Ullman, T. D., Goodman, N. D., & Tenenbaum, J. B. (2012). Theory learning as stochastic search in the language of thought. Cognitive Development, 27(4). doi:10.1016/j.cogdev.2012.07.005

Summary

In this paper, Ullman et al. suggest an algorithm-level approach for theory learning. In contrast to Griffiths & Tenenbaum and Kemp et al., which proposed computational-level models for theory learning, Ullman et al. build on previous work (i.e., they still use a hierarchical Bayesian model) and demonstrate that MCMC-like search procedure can account for similar learning dynamics as are found in children.

Methods

n/a

Algorithm

Ullman et al. express theories using Horn clauses, which are logical expressions of the form $r\leftarrow (f\wedge g\wedge\ldots{}\wedge s\wedge t)$ where each term is a predicate such as $f(X)$ or $s(X, Y)$, where $X$ and $Y$ are entities in the domain.

A theory $T$ is produced from a univeresal theory grammar $U$, which is a probabilistic context-free Horn clause grammar (PHCG).
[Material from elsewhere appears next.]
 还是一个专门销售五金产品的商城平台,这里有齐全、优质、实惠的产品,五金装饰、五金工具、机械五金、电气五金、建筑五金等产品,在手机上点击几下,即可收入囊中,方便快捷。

This grammar includes what they call law templates which encode assumptions for what types of laws are good. For example, one template is $F(X,Y)\leftarrow F(X,Z)\wedge F(Z,Y)$ which captures transitivity. The $F$ could then be replaced with something like $\mathrm{interacts}(\cdot{})$.
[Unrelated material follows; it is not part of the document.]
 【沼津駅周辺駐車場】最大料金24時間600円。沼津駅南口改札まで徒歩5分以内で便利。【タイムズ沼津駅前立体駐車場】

Together, the grammar and the templates specify the prior $p(T\vert U)$ over theories. A particular theory—for example, in the magnetism domain—might have core predicates $f(X)$ and $g(X)$, surface predicates of $interacts(X, Y)$, and laws such as:

$\begin{align*} \mathrm{interacts}(X, Y)&\leftarrow f(X)\wedge f(Y)\\ \mathrm{interacts}(X, Y)&\leftarrow f(X)\wedge g(Y)\\ \mathrm{interacts}(X, Y)&\leftarrow \mathrm{interacts}(Y, X) \end{align*}$

Given a theory, a model $M$ can be produced which fits the data. For example, in the magnetism domain, the model might assign magnets to $f(X)$ and magnetic objects to $g(X)$ (and everything else unassigned). The prior on models $p(M\vert T)$ is a beta prior (per binary fact).

Finally, the data $D$ are actual observations, for example, “this object interacts with this other object”. The likelihood $p(D\vert M, T)$ is Bernoulli.
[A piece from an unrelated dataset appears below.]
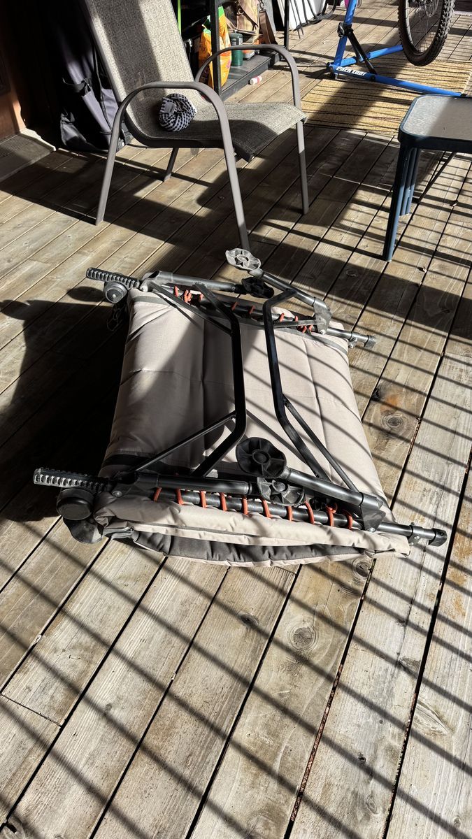 Used this on long solo trips mainly in the bed of my tacoma or in a tent. If you are looking for a comfort camping option this is the one! It's real nice that you can fully recline it, or sit it upright like a chair. I'm moving and wont have the space to store it. I can accept credit cards, cash, or venmo

Thus the full model is something like:

$\begin{align*} T\vert U &\sim \mathrm{PHCG}(U)\\ M^i &\sim \mathrm{Beta}(\alpha, \beta)\\ D^{ij} &\sim \mathrm{Bernoulli}(M^i) \end{align*}$

and the posterior is:

$p(T\vert D, U)\propto P(T\vert U)\sum_M p(D\vert M, T)p(M\vert T)$

To approximate the sum, they use Gibbs sampling. To search in the space of theories, they use a modified version of MCMC where the acceptance ratio is annealed, so that changes are less likely to be made as time goes on. They propose new theories at each step of the chain with the following possible modifications:

Add or delete a predicate from a law
Change one predicate to an alternative of the same or different form within a law
Add or delete a whole law

Takeaways

This approach of performing a stochastic search in theory space seems generally plausible as a mechanism for how children learn theories. However, I think there are a few things here that aren’t fully satisfing:

The MCMC chain takes many iterations to run: for example, 1600 in the magnetism case. I realize you can’t exactly map inference (“thinking”) time directly to MCMC steps, but it seems like a lot. If this is a mechanistic account, then it’s essentially saying that children propose 1600 different theories before they reach the final one.
Children presumably don’t do inference over the entire dataset at once; I would expect there to be some sort of online learning going on. Ullman et al. do investigate the effect of varying amounts of data on the learning process, but they use separate datasets rather than looking at an online method.

Related to the last point, I suppose there are two options for what people do: either they use some memoryless inference procedure, or they do inference over a set of data, but I would expect that to not include everything they’ve ever encountered. There will be some effect of memory (perhaps remembering data points that were surprising, and more recent data points).

I wonder if, rather than using a random MCMC algorithm, an active search or Bayesian optimization type of algorithm might work better here in terms of sampling efficiency.